Chetram Jatav (Aged 30) was a participant in the Indian Rebellion of 1857, known as a freedom fighter. He joined the mutiny on May 26, 1857, in the Soro region of Eta district, North-Western Provinces (now Uttar Pradesh) and was tied to a tree and shot.

According to legend, Maharaja Patiala saw a man carrying a lion on his back. The man claimed to have killed the lion without a weapon. Impressed, the king asked him to join his army. The man’s name was Cheta Ram Jatav. Cheta Ram fought the British and, seeing them harassing the people, fought against them. The British captured him and tied him to a tree.

Jatav, along with others who died during the 1857 rebellion, has been adopted by the Bahujan Samaj Party as an icon of Dalit heroism. According to Tiwari, BSP, which is trying to mobilize grassroots Dalits, has the support of Dalit intellectuals.

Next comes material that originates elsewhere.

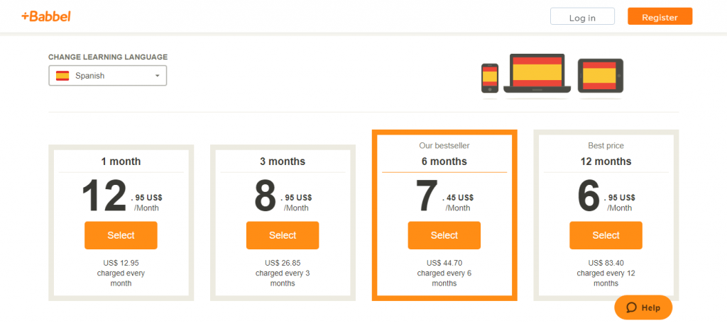 Babbel offers us the following four pricing plans for learning Spanish:

They use local heroes, histories, myths, and legends found in the oral history of the regions of Uttar Pradesh centering around the 1857 rebellion as a resource.

The party’s political strategy is to repeatedly tell and retell the stories of these heroes, build memorials, and organize celebrations around their stories to build a collective memory in the people’s mind. The stories are narrated in such a way that Dalits can imagine the story of the making of this nation in which they played a significant role.